Goal of the exercise ▸ Each line in the material below, starting at the one with "Twee gezichten op" and ending at the one with "Схема подключения светодиодной", is to be reproduced exactly; no picture is to be copied.

Dataset records ▸
Content starts

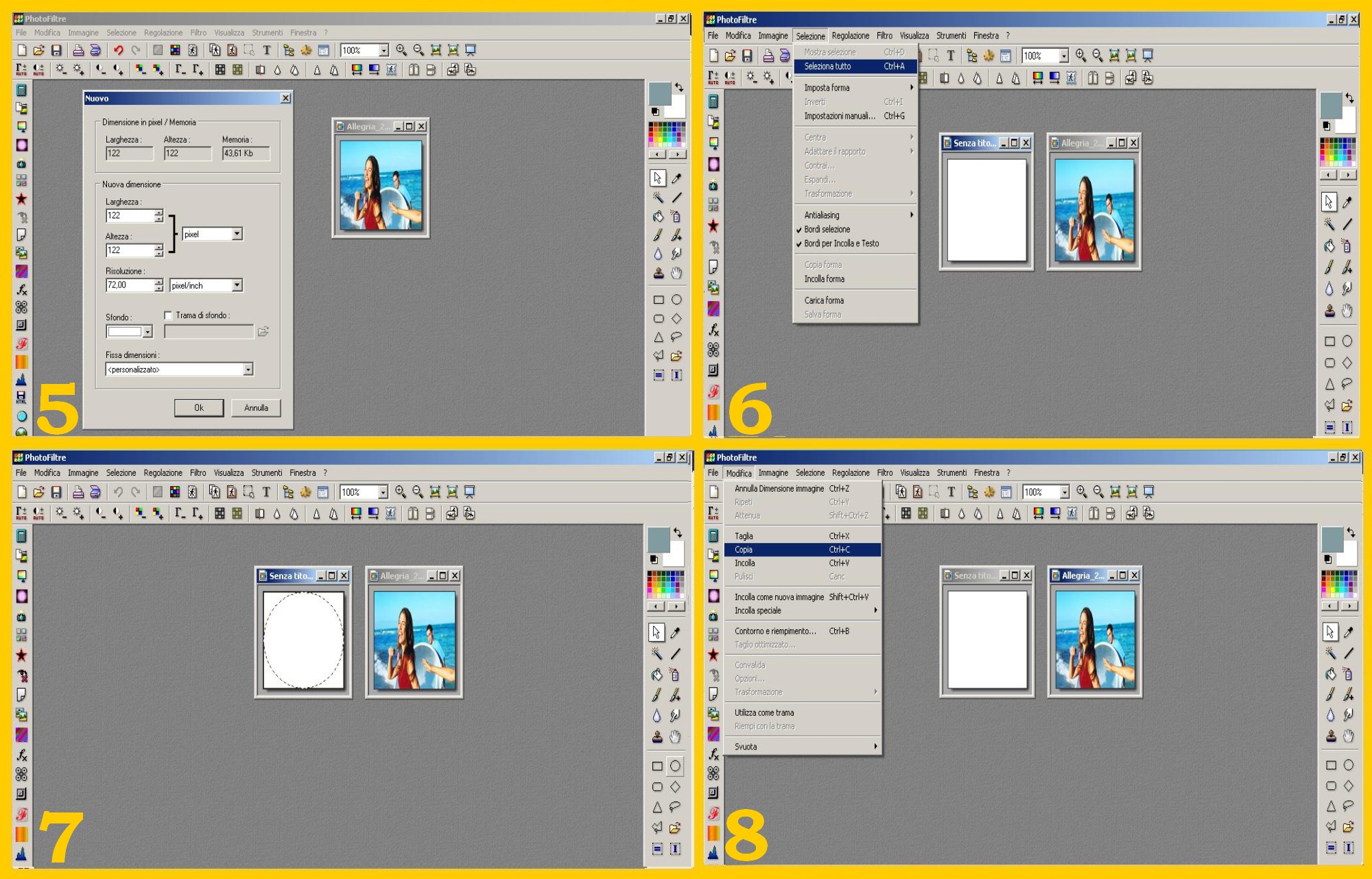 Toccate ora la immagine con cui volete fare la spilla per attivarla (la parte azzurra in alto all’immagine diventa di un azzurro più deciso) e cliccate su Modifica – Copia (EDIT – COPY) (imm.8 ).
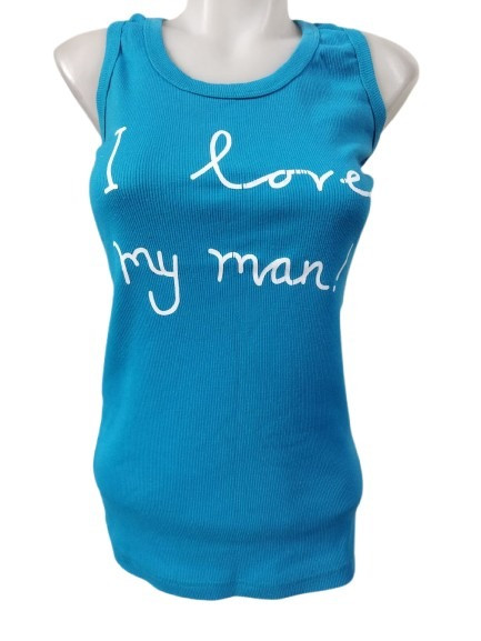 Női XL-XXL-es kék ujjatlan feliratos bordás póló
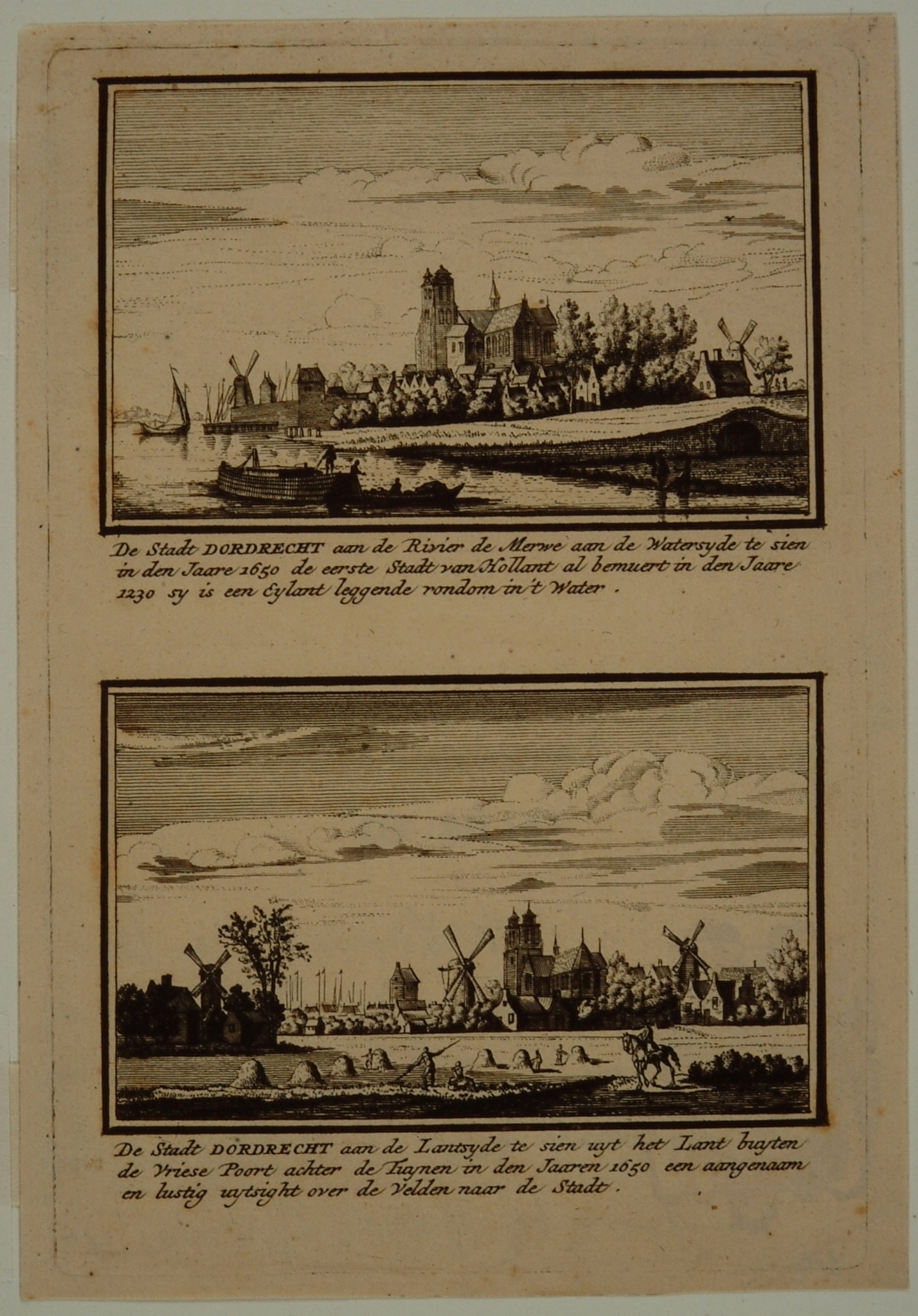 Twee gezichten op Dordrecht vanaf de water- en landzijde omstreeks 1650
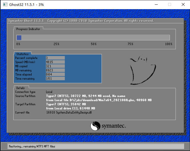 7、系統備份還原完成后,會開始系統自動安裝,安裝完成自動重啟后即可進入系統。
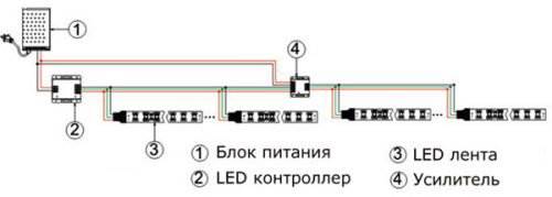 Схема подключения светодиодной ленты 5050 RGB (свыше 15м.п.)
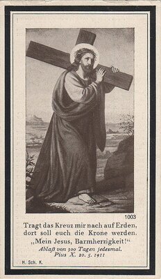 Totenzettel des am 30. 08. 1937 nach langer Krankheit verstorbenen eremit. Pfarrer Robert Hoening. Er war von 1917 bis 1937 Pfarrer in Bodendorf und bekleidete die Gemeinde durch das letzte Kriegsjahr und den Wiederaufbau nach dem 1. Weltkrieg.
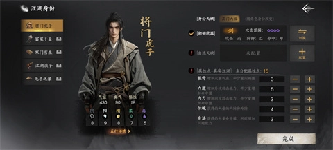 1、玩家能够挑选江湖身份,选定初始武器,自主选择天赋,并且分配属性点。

Content ends

Reply ▸
 Twee gezichten op Dordrecht vanaf de water- en landzijde omstreeks 1650
 7、系統備份還原完成后,會開始系統自動安裝,安裝完成自動重啟后即可進入系統。
 Схема подключения светодиодной ленты 5050 RGB (свыше 15м.п.)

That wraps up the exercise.